> EXTRACTED DATA:
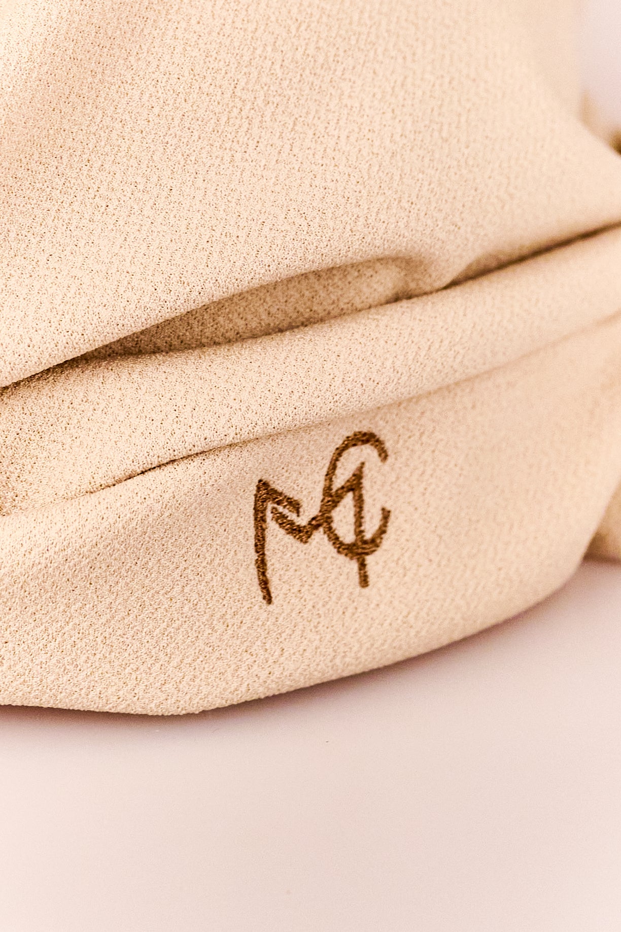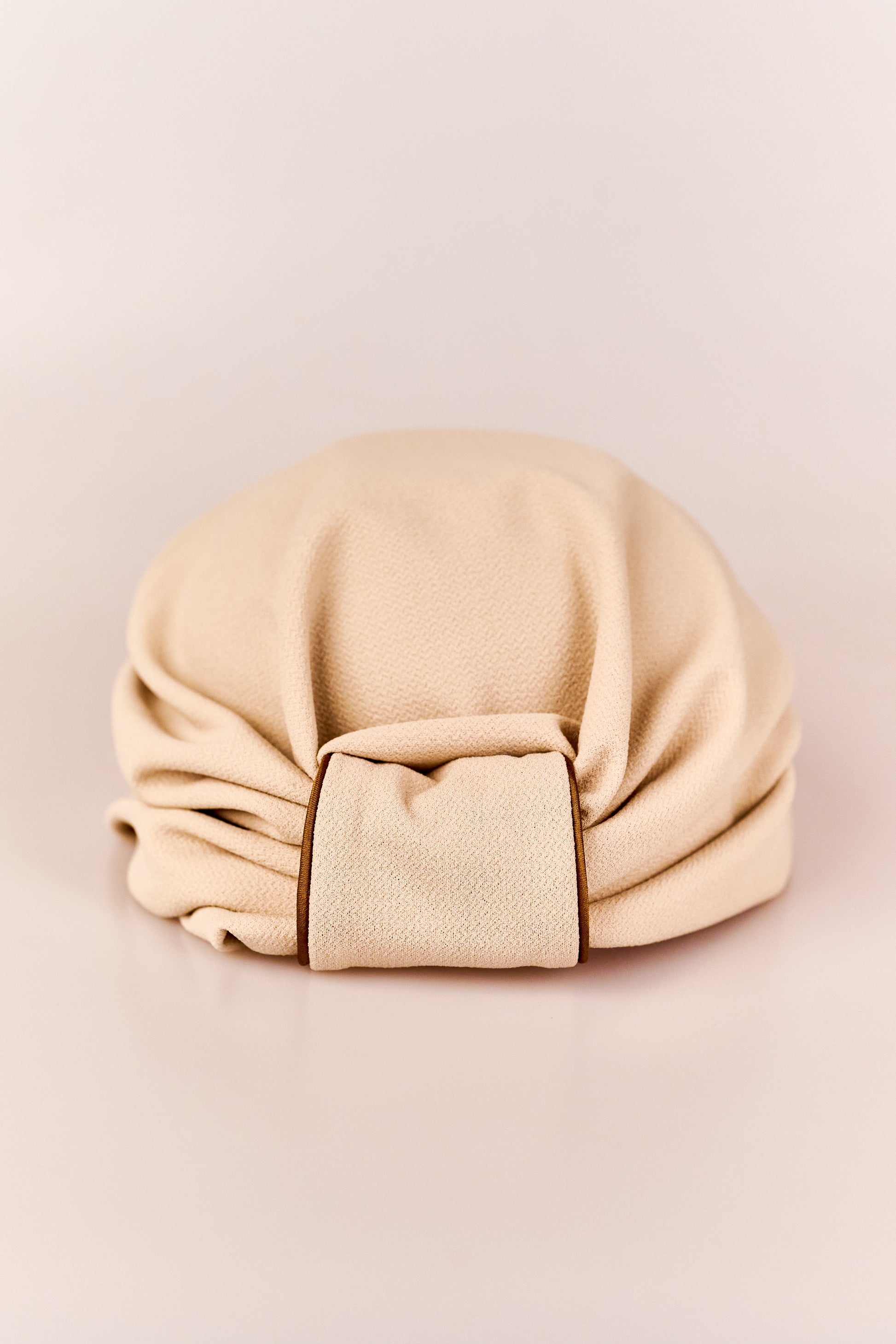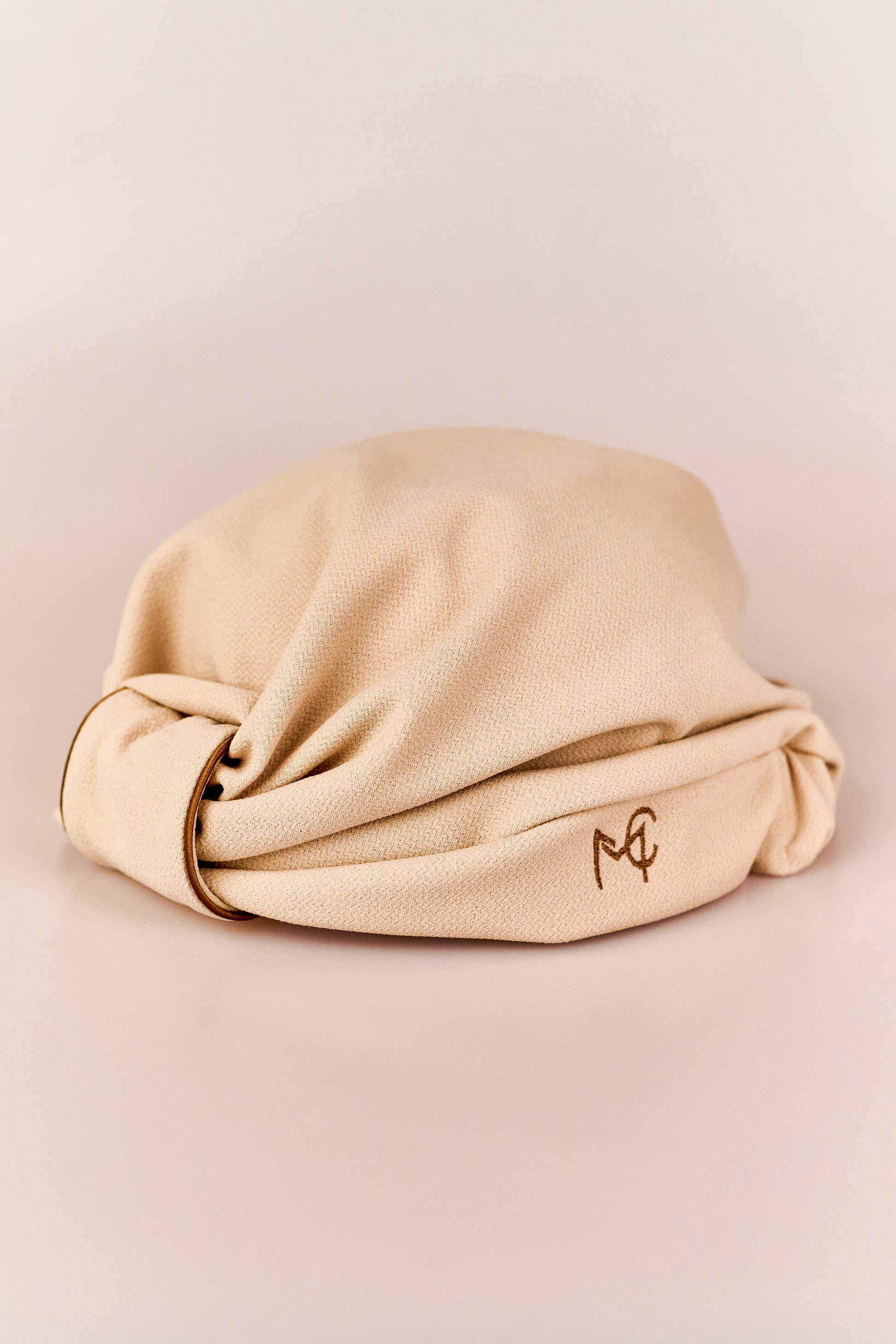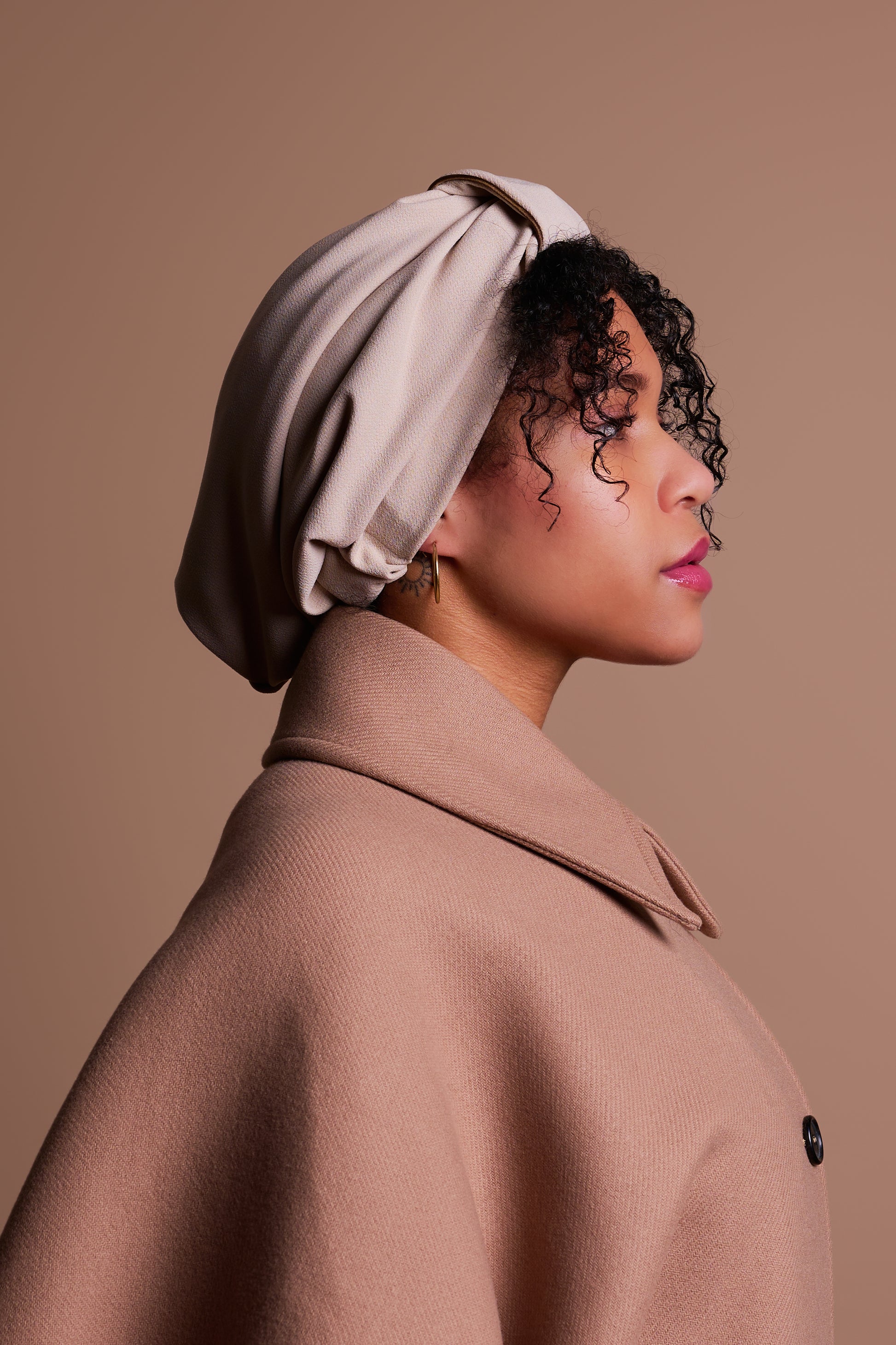 Deze turban straalt een warme en rustgevende uitstraling uit, met zijn zachte gelig-beige kleur die doet denken aan zonovergoten zandduinen. Gemaakt van luxueus materiaal, biedt deze turban niet alleen stijl, maar ook comfort en veelzijdigheid.
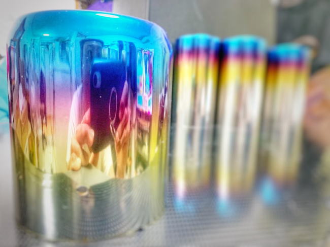 金属製品はもちろんのこと、樹脂製のメッキ製品など焼き色を付けることのできない商品へ塗装することにより本物もしくはそれ以上の見た目へと進化させます。
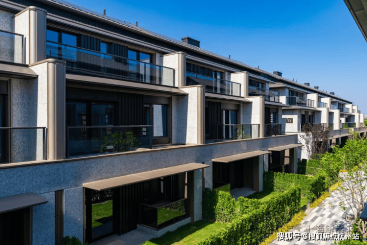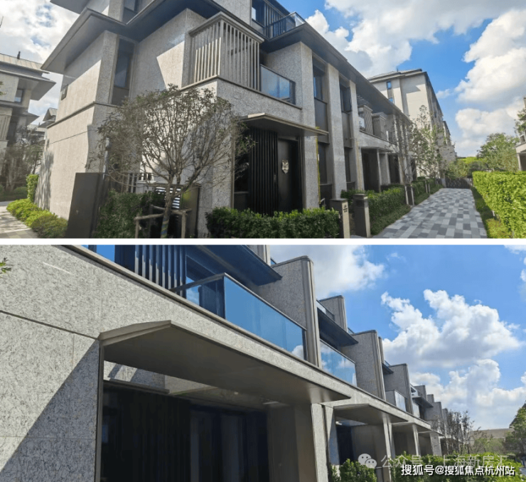 联排建筑立面上进口金钻麻石-全石材铺装搭配咖色的铝板装饰线条,不同凡响的精奢感和厚重的质感,卓尔不群,放眼整个松江,难觅雷同。
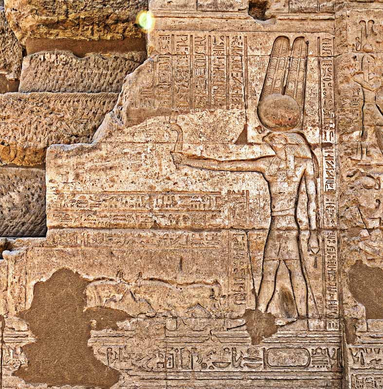Montou tend au roi lle Khepech (ou harpè). Cette sorte de glaive est devenu un symbole de vaillance.
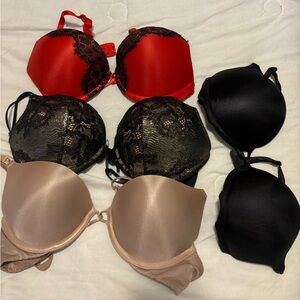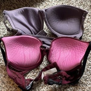 1 Maroon Push up VS 32 C very used condition, has pilling, right strap I sewed together a little due to fraying, the middle of the bra has a rip but could possible be sewed
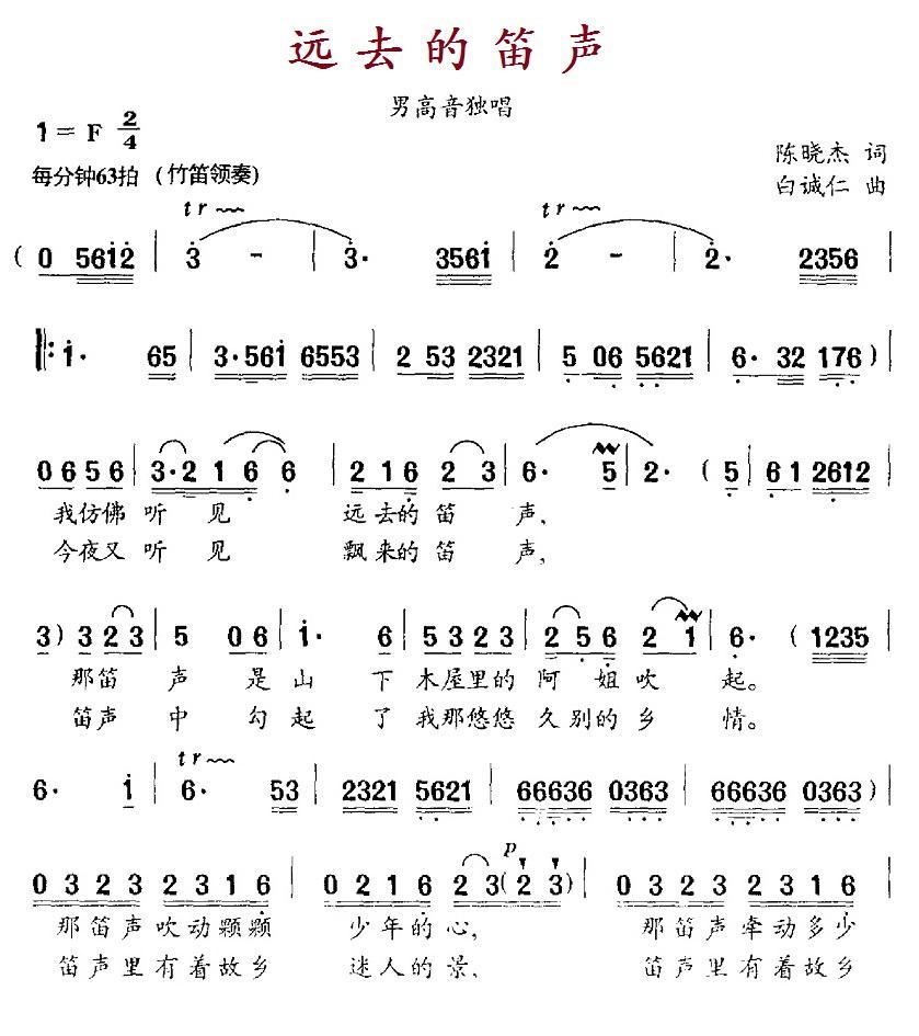 - [笛子谱,歌谱] 远去的笛声

> PROBLEM STATEMENT:
What is needed is a word-for-word copy of the lines from the one containing "联排建筑立面上进口金钻麻石-全石材铺装搭" through the final line of the records above, both included, with the pictures left out.

> FINAL ANSWER:
 联排建筑立面上进口金钻麻石-全石材铺装搭配咖色的铝板装饰线条,不同凡响的精奢感和厚重的质感,卓尔不群,放眼整个松江,难觅雷同。
Montou tend au roi lle Khepech (ou harpè). Cette sorte de glaive est devenu un symbole de vaillance.
 1 Maroon Push up VS 32 C very used condition, has pilling, right strap I sewed together a little due to fraying, the middle of the bra has a rip but could possible be sewed
 - [笛子谱,歌谱] 远去的笛声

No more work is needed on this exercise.